Reproduce the data in full, exactly as given, leaving images out.

• **Records from a data collection**:
----------

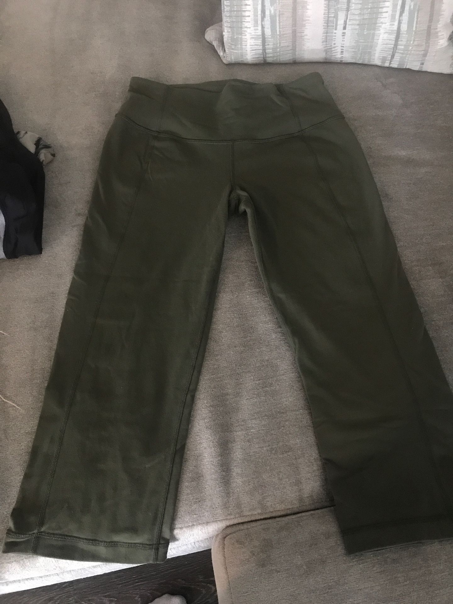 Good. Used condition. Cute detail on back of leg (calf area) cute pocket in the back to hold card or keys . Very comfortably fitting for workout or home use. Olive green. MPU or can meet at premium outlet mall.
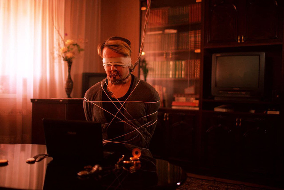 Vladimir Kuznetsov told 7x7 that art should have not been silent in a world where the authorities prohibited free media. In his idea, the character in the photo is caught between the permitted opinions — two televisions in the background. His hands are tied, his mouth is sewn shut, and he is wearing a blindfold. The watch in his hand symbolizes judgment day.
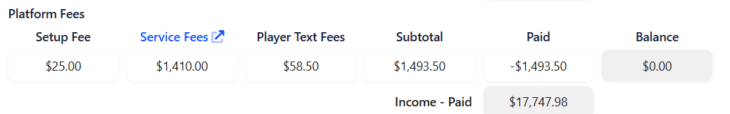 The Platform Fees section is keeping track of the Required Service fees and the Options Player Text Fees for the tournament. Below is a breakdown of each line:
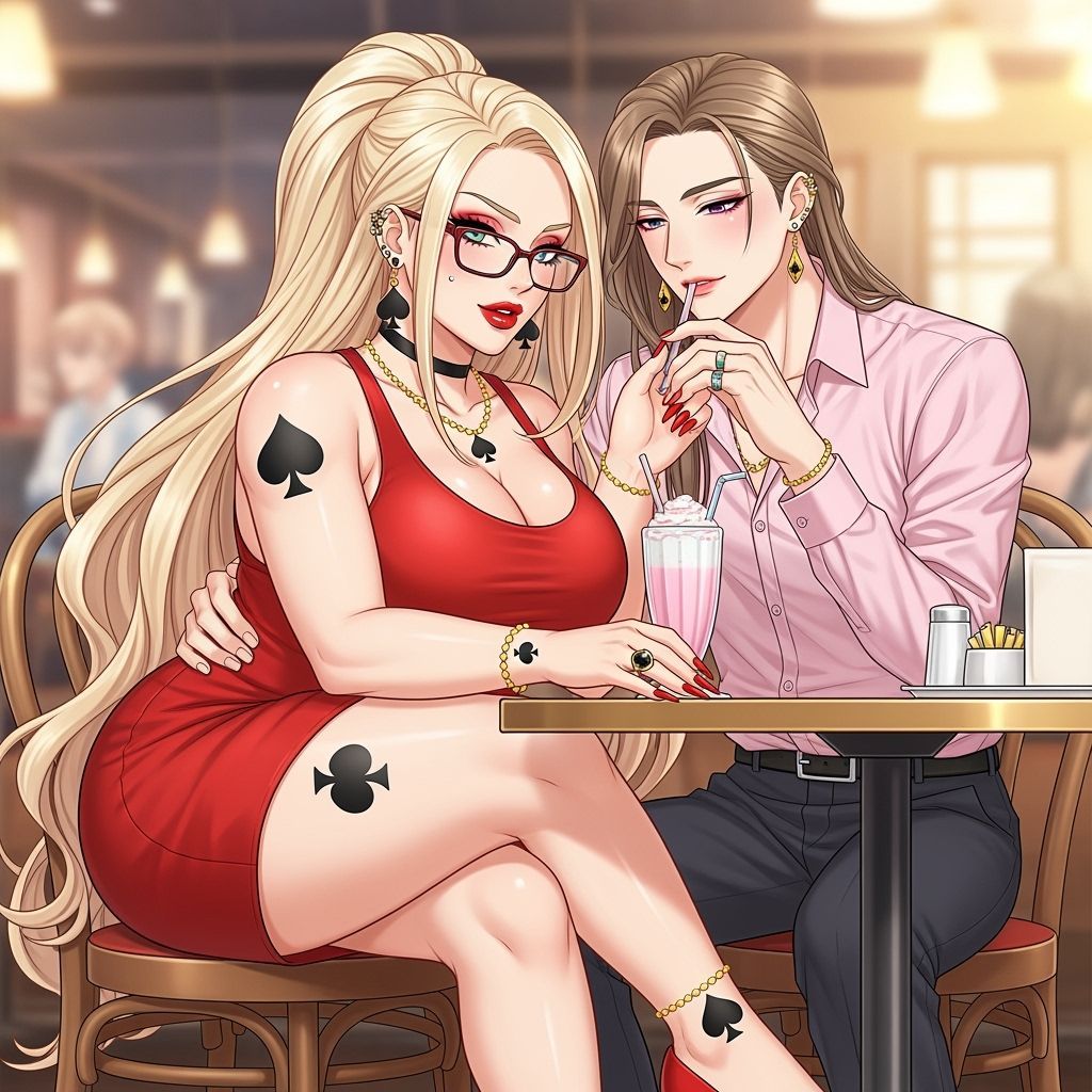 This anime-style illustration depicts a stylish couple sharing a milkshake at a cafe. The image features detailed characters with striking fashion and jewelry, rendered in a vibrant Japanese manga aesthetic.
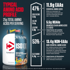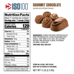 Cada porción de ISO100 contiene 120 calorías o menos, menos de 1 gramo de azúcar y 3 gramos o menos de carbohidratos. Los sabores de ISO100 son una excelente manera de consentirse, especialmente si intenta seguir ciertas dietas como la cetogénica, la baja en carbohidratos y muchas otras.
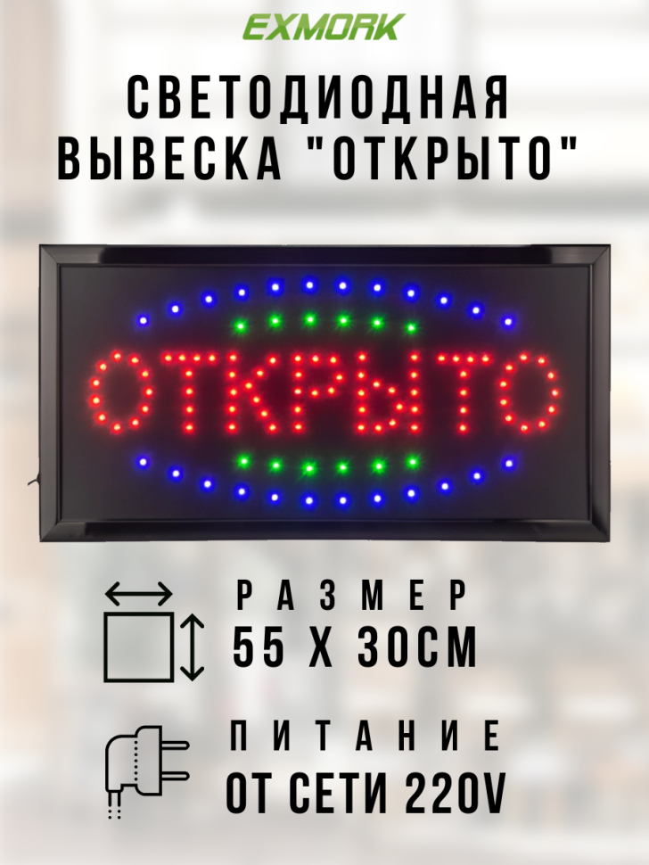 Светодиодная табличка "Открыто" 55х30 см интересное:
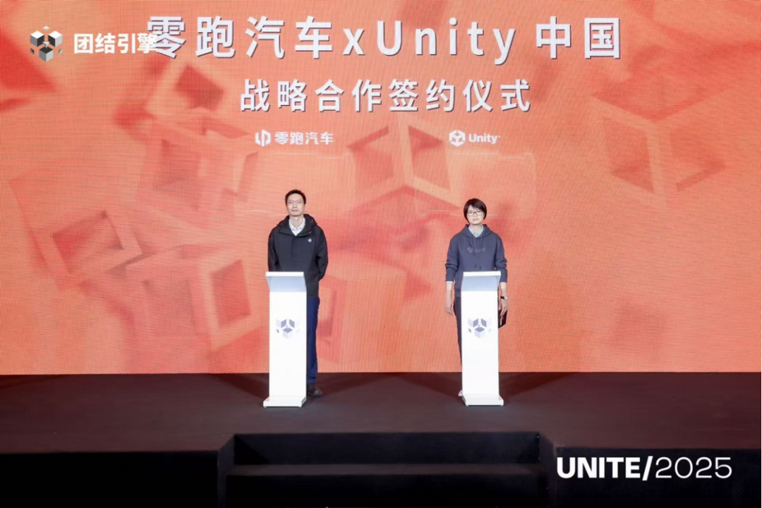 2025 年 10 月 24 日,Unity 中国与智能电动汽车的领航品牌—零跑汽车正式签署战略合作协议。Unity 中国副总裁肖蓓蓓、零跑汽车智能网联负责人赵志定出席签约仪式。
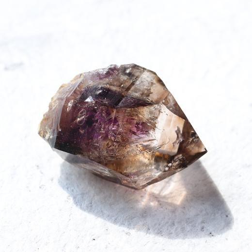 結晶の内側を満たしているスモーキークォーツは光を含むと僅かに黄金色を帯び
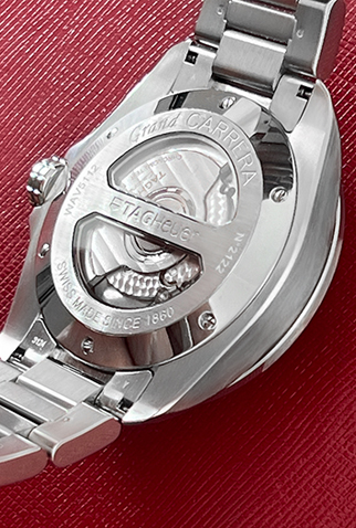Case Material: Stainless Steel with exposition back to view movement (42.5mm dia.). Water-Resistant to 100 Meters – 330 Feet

----------

• **Written response**:
 Good. Used condition. Cute detail on back of leg (calf area) cute pocket in the back to hold card or keys . Very comfortably fitting for workout or home use. Olive green. MPU or can meet at premium outlet mall.
 Vladimir Kuznetsov told 7x7 that art should have not been silent in a world where the authorities prohibited free media. In his idea, the character in the photo is caught between the permitted opinions — two televisions in the background. His hands are tied, his mouth is sewn shut, and he is wearing a blindfold. The watch in his hand symbolizes judgment day.
 The Platform Fees section is keeping track of the Required Service fees and the Options Player Text Fees for the tournament. Below is a breakdown of each line:
 This anime-style illustration depicts a stylish couple sharing a milkshake at a cafe. The image features detailed characters with striking fashion and jewelry, rendered in a vibrant Japanese manga aesthetic.
 Cada porción de ISO100 contiene 120 calorías o menos, menos de 1 gramo de azúcar y 3 gramos o menos de carbohidratos. Los sabores de ISO100 son una excelente manera de consentirse, especialmente si intenta seguir ciertas dietas como la cetogénica, la baja en carbohidratos y muchas otras.
 Светодиодная табличка "Открыто" 55х30 см интересное:
 2025 年 10 月 24 日,Unity 中国与智能电动汽车的领航品牌—零跑汽车正式签署战略合作协议。Unity 中国副总裁肖蓓蓓、零跑汽车智能网联负责人赵志定出席签约仪式。
 結晶の内側を満たしているスモーキークォーツは光を含むと僅かに黄金色を帯び
Case Material: Stainless Steel with exposition back to view movement (42.5mm dia.). Water-Resistant to 100 Meters – 330 Feet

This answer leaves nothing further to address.